DiaFoot.AI v2 β€” Diabetic Foot Ulcer Detection & Segmentation

IMPORTANT DISCLAIMER: This is an academic research project developed for educational purposes as part of the AAI6620 Computer Vision course at Northeastern University. This software is NOT a medical device, is NOT FDA-cleared, and is NOT intended for clinical use, diagnosis, treatment, or any medical decision-making. It does not replace professional medical judgment. Always consult a qualified healthcare provider for any medical concerns. The authors assume no liability for any use of this software in clinical or diagnostic settings.

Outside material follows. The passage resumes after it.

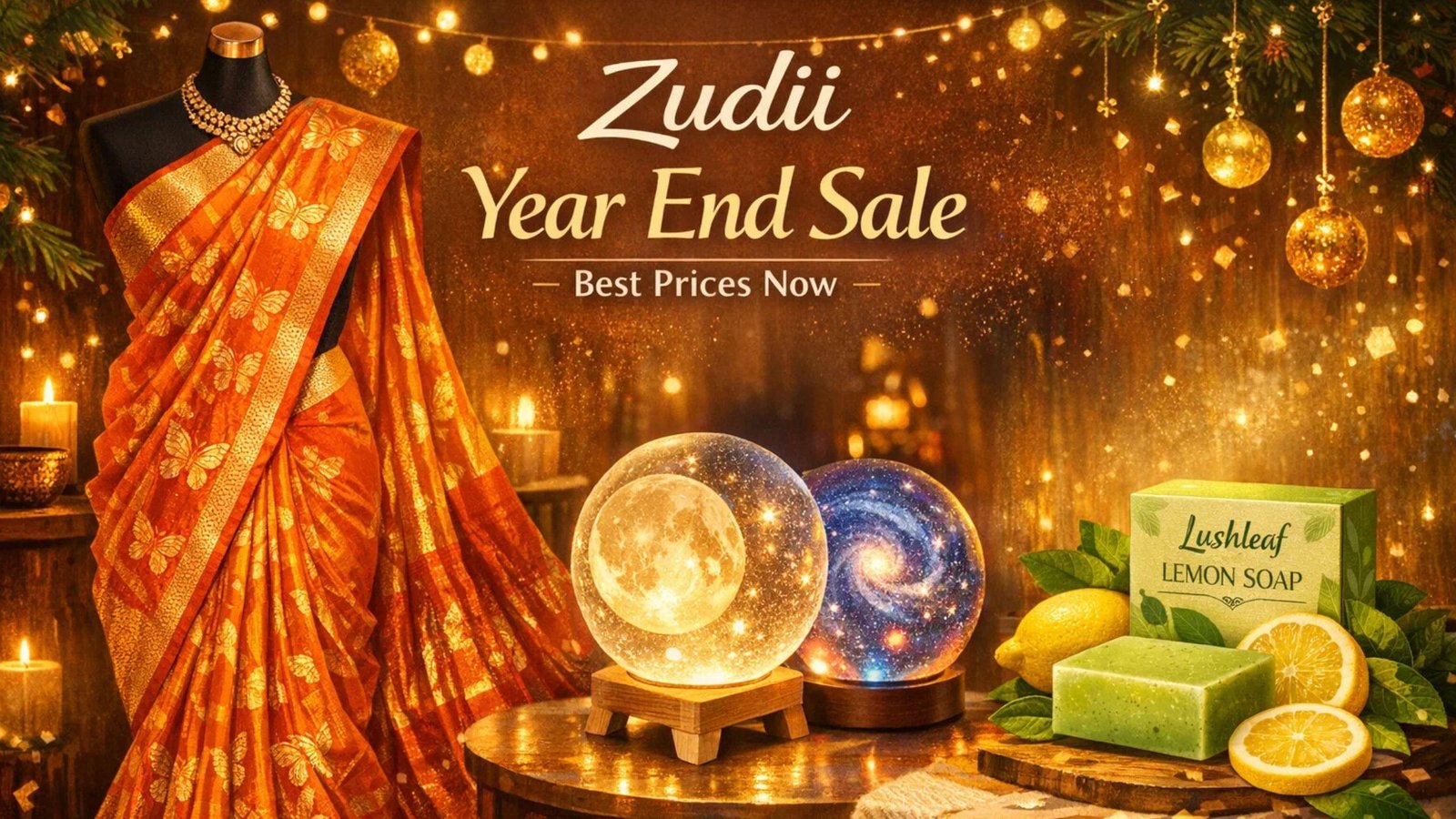Discover the Year End Sale on Zudii! Shop the vibrant Orange Dharmavaram Butterfly Silk Saree, magical 3D Crystal Ball N...

A production-grade multi-task pipeline for automated diabetic foot ulcer (DFU) detection, wound boundary segmentation, and clinical wound assessment. Built with Meta's DINOv2 self-supervised Vision Transformer for robust transfer learning.

Clinical Motivation

Diabetic foot ulcers affect 15-25% of diabetic patients in their lifetime, with 85% of diabetes-related amputations preceded by a foot ulcer. Early detection and accurate wound measurement can reduce amputation rates by up to 85%. DiaFoot.AI explores how deep learning can automate wound boundary detection to potentially support clinical workflows in the future.

Why v2: Lessons from v1

The original DiaFoot.AI (v1) achieved 84.93% IoU and 91.73% Dice -- numbers that looked strong but masked two fundamental flaws:

  1. Training data contained only ulcer images. The model never learned what healthy skin looks like, so it predicted ulcers on every input -- zero clinical specificity.
  2. No data cleaning pipeline. Raw scraped images were fed directly into training with no quality audit, duplicate detection, or label verification.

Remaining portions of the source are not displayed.